### EXERCISE REQUIREMENTS
Word for word, retype the lines from the one containing "L’un des tous" to the one containing "Vintage Carhartt Denim" below, keeping both end lines and dropping the pictures.

### DATA
BEGIN
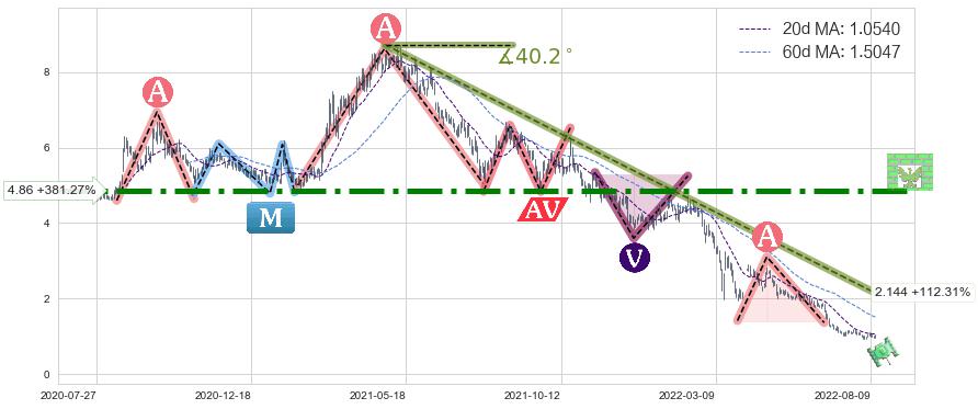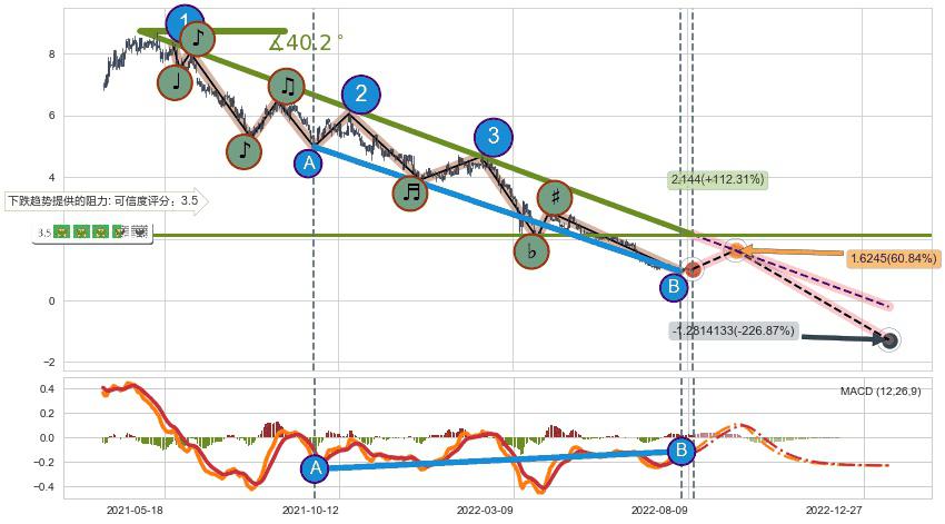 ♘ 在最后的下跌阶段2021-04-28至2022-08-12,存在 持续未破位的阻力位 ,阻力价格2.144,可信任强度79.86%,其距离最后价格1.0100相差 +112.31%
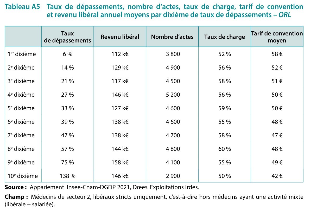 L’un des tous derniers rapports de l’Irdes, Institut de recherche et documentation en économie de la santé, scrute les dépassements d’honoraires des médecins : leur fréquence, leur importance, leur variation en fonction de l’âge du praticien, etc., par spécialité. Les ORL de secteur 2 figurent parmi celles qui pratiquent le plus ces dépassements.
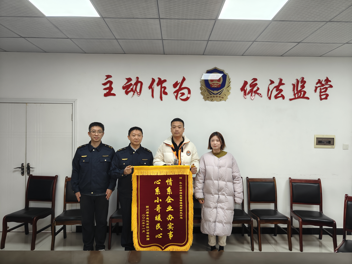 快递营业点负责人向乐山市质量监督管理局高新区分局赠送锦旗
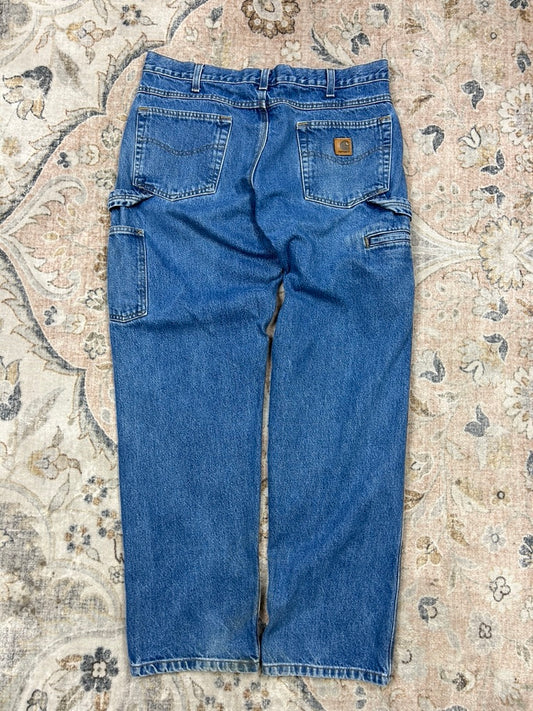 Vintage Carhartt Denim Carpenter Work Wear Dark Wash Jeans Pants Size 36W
END
BEGIN
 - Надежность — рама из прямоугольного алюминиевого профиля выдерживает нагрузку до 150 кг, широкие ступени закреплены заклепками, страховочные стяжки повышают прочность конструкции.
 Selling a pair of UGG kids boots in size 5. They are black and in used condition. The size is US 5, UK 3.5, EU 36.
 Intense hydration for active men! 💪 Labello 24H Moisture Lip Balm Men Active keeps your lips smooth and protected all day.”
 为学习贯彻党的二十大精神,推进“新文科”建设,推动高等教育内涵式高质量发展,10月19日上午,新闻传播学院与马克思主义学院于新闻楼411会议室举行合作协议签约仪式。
END
BEGIN
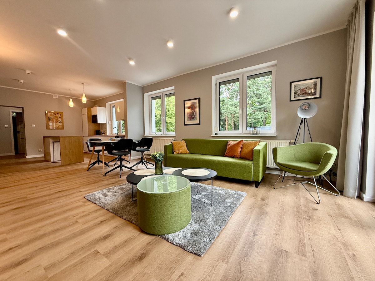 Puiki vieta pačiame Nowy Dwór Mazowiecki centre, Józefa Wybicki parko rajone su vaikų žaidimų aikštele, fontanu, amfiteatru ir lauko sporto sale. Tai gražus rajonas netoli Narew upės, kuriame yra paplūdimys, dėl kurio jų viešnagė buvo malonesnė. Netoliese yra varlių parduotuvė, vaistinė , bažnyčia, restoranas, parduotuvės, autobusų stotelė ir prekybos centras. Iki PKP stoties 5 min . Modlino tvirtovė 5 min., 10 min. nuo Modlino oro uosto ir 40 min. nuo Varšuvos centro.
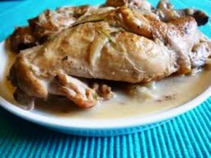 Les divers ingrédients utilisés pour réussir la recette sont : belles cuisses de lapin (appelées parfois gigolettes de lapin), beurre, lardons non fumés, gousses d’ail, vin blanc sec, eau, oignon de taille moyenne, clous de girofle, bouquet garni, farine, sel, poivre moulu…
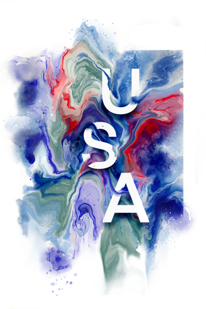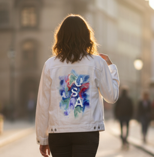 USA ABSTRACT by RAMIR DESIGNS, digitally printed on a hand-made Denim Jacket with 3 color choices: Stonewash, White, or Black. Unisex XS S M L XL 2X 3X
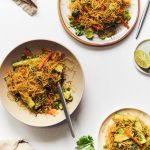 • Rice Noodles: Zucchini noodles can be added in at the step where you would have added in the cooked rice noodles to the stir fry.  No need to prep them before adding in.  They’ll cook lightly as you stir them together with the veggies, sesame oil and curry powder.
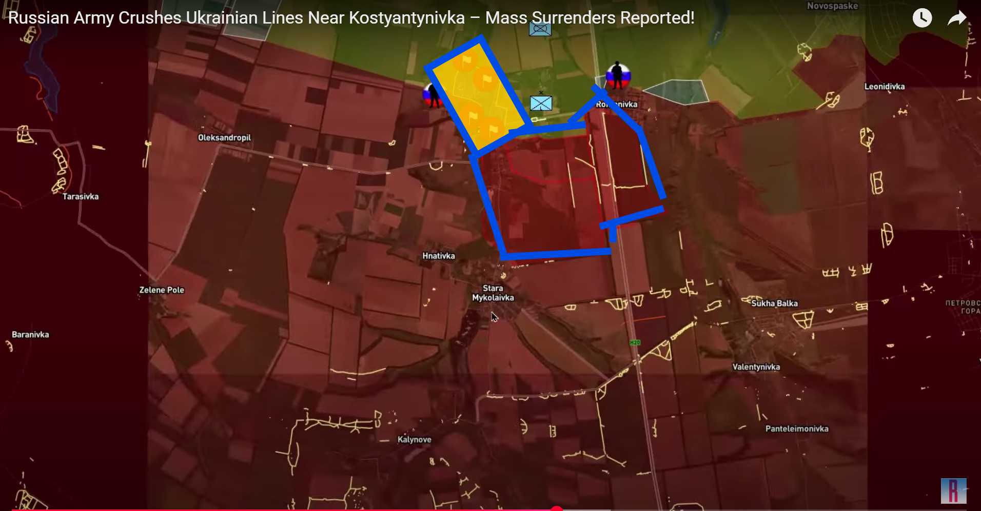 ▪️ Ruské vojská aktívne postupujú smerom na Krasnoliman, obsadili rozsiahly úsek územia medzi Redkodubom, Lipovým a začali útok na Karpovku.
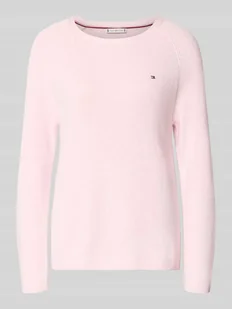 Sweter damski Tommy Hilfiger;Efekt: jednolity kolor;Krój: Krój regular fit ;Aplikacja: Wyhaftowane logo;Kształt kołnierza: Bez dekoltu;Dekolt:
END
### TASK OUTPUT
 L’un des tous derniers rapports de l’Irdes, Institut de recherche et documentation en économie de la santé, scrute les dépassements d’honoraires des médecins : leur fréquence, leur importance, leur variation en fonction de l’âge du praticien, etc., par spécialité. Les ORL de secteur 2 figurent parmi celles qui pratiquent le plus ces dépassements.
 快递营业点负责人向乐山市质量监督管理局高新区分局赠送锦旗
 Vintage Carhartt Denim Carpenter Work Wear Dark Wash Jeans Pants Size 36W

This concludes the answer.